Aim of the study: To examine the diagnostic utility of skin advanced glycation end products (AGEs) as screening tool of neuropathy in type 2 diabetes mellitus (T2DM).
Patients and methods: We included 132 participants (88 men) with a mean age of 64.57 years and median T2DM duration of 14.5 years. Skin AGEs were measured with AGE reader mu connect (Diagnoptics) on the dominant arm and were interpreted as normal vs. elevated. Distal sensorimotor polyneuropathy (DSPN) was diagnosed by the Neuropathy Disability Score. Cardiovascular autonomic neuropathy (CAN), sympathetic and parasympathetic nervous system impairment were diagnosed by cardiovascular autonomic reflex tests.
Results: For DSPN, AGEs yielded high sensitivity (82.8%) and NPV (80.4 %) with moderate specificity (55.4 %).

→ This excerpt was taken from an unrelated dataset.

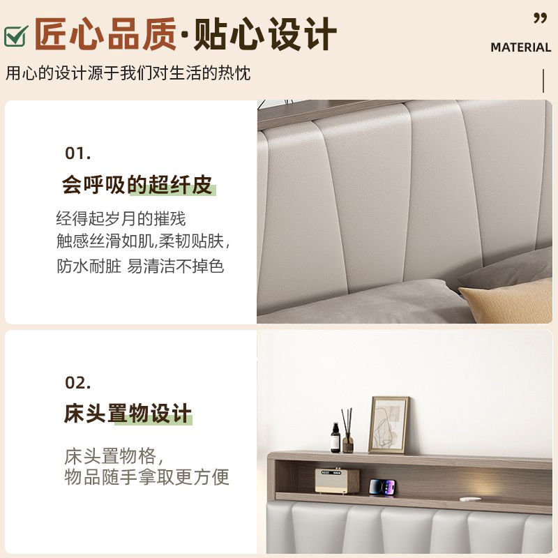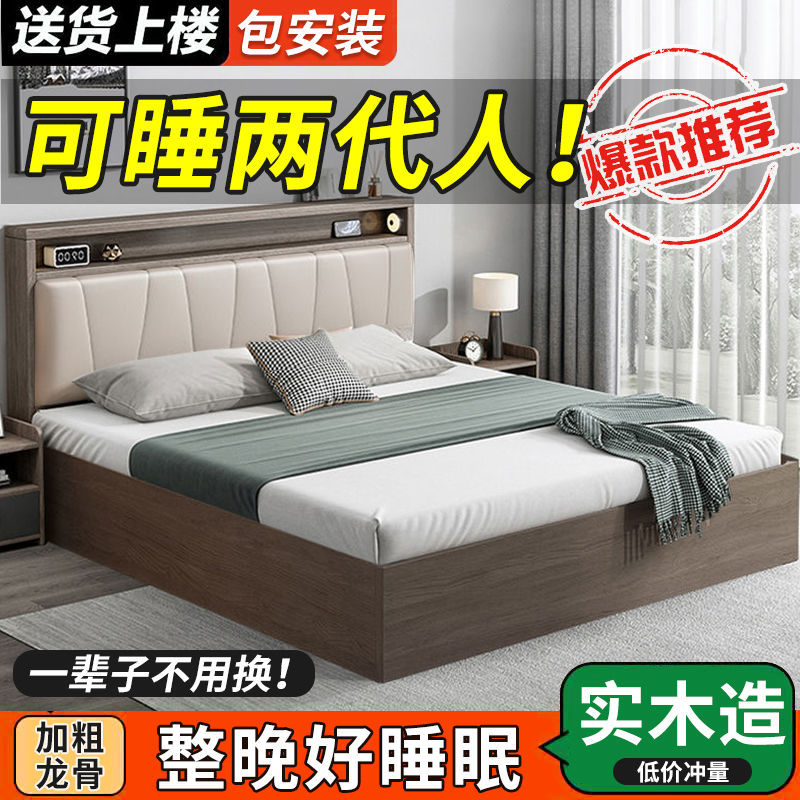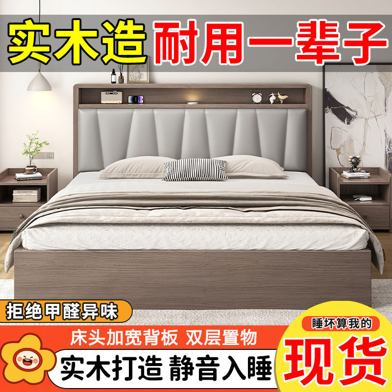 Solid Wood Bed Double 1.8x 2 m Household Soft Bed Single Bed Adult 1.5 m Box Master Bedroom Storage Solid Wood Bed

For CAN, they yielded relatively high sensitivity (75.0 %) and NPV (74.5 %) with low specificity (48.7 %). For sympathetic nervous system impairment, AGEs yielded relatively high sensitivity (75.0 %) and high NPV (84.3 %) with low specificity (43.9 %). For parasympathetic nervous system impairment, they yielded high PPV (81.0 %) with moderately high sensitivity (66.7 %) and moderate specificity (55.9 %).
Conclusions: In a simplified approach, skin AGEs may be used as a screening tool of DSPN and CAN (including sympathetic and parasympathetic nervous system impairment) in T2DM.
Keywords: Advanced glycation end products; Cardiac autonomic neuropathy; Complications; Diabetic neuropathy; Diagnosis; Screening; Skin autofluorescence; Type 2 diabetes mellitus.